Work instructions. Under this line sits a listing. Repeat exactly and only its lines from the one holding "湖人出发俄城,斯玛特(右脚踝" through the one holding "Каллиграфические перья: №1"; skip pictures.

Working data.

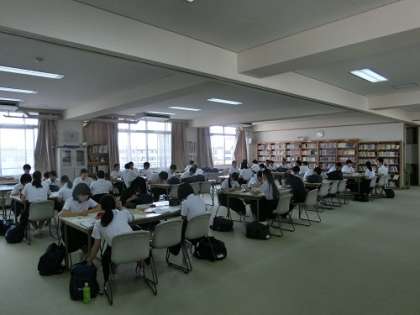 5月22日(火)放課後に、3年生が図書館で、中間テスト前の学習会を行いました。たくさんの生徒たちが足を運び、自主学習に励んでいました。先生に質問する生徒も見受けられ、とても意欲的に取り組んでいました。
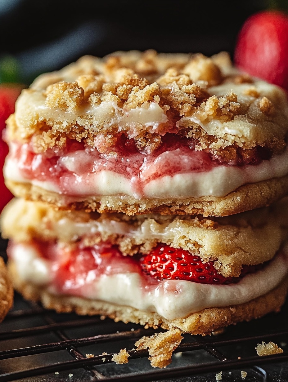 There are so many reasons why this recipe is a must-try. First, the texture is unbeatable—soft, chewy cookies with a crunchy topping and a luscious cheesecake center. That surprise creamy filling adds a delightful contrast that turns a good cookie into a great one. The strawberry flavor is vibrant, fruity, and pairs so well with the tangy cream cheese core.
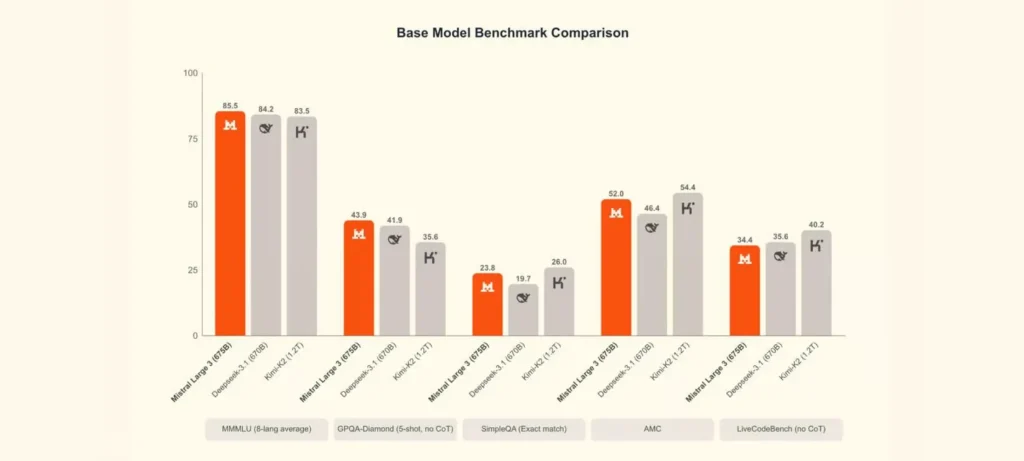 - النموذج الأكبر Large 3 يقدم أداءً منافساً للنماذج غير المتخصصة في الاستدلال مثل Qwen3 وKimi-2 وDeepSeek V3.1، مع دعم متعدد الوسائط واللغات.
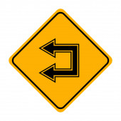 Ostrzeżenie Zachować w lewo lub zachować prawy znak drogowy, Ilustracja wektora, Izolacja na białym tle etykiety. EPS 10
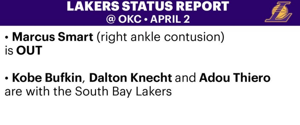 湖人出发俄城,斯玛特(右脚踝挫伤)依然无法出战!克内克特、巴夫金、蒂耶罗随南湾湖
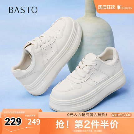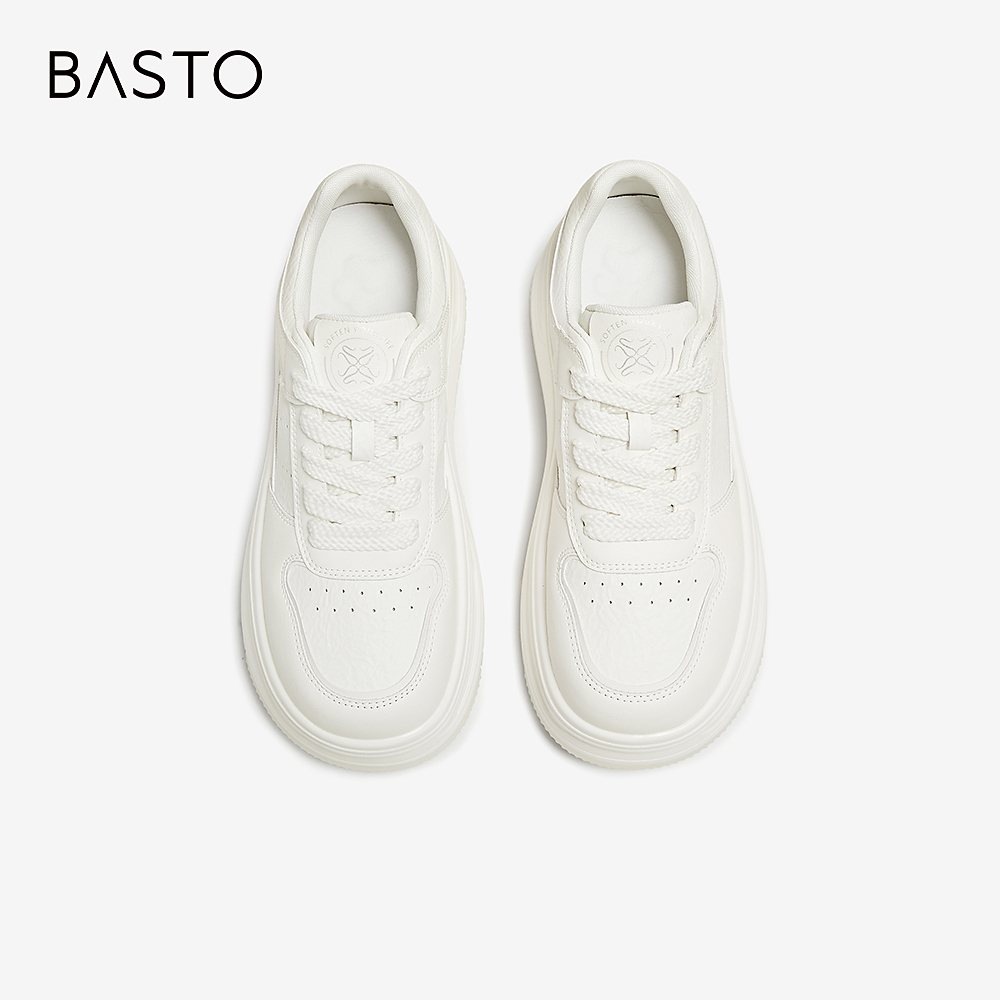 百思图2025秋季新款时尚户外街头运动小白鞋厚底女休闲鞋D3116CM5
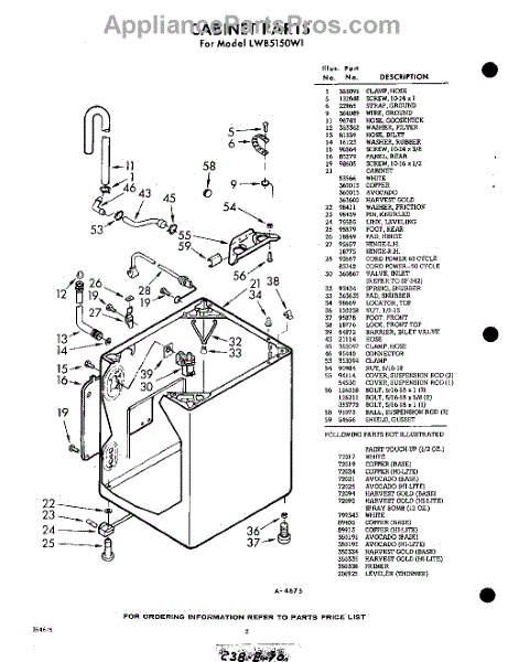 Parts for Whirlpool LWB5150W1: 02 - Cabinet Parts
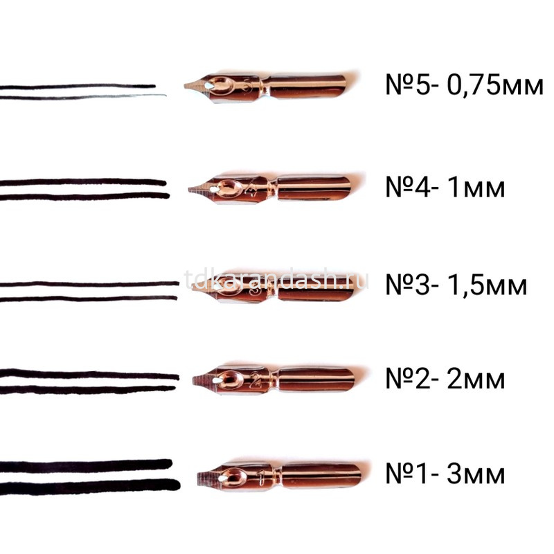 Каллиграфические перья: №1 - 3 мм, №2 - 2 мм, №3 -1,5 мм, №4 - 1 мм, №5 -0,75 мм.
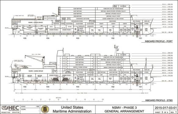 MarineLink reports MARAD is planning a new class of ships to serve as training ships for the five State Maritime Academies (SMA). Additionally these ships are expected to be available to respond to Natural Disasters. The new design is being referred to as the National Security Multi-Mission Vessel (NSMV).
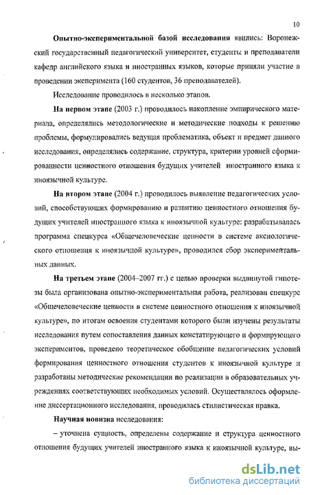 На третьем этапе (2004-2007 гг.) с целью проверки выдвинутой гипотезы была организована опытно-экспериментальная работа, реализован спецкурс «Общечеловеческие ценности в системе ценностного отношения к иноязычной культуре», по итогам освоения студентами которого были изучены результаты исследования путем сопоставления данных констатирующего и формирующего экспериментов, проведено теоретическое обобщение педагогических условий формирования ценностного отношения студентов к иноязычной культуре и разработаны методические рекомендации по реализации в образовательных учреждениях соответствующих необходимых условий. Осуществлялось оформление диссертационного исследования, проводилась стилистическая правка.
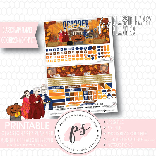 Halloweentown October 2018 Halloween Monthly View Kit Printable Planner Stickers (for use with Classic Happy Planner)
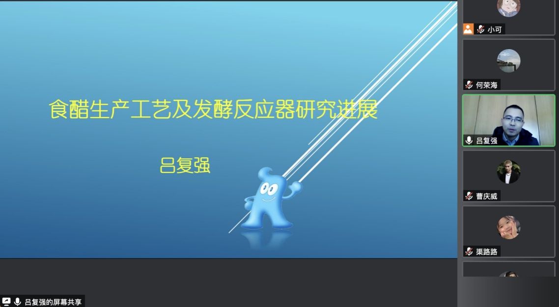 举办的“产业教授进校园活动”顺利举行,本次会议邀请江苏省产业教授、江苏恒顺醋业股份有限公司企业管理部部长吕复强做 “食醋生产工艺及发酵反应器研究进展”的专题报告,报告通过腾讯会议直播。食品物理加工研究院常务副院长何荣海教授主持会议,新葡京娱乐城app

==

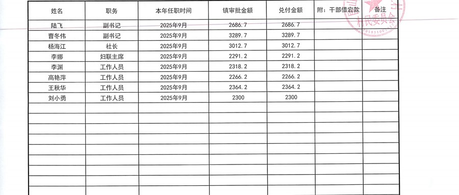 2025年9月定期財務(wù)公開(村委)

Response area.
 湖人出发俄城,斯玛特(右脚踝挫伤)依然无法出战!克内克特、巴夫金、蒂耶罗随南湾湖
 百思图2025秋季新款时尚户外街头运动小白鞋厚底女休闲鞋D3116CM5
 Parts for Whirlpool LWB5150W1: 02 - Cabinet Parts
 Каллиграфические перья: №1 - 3 мм, №2 - 2 мм, №3 -1,5 мм, №4 - 1 мм, №5 -0,75 мм.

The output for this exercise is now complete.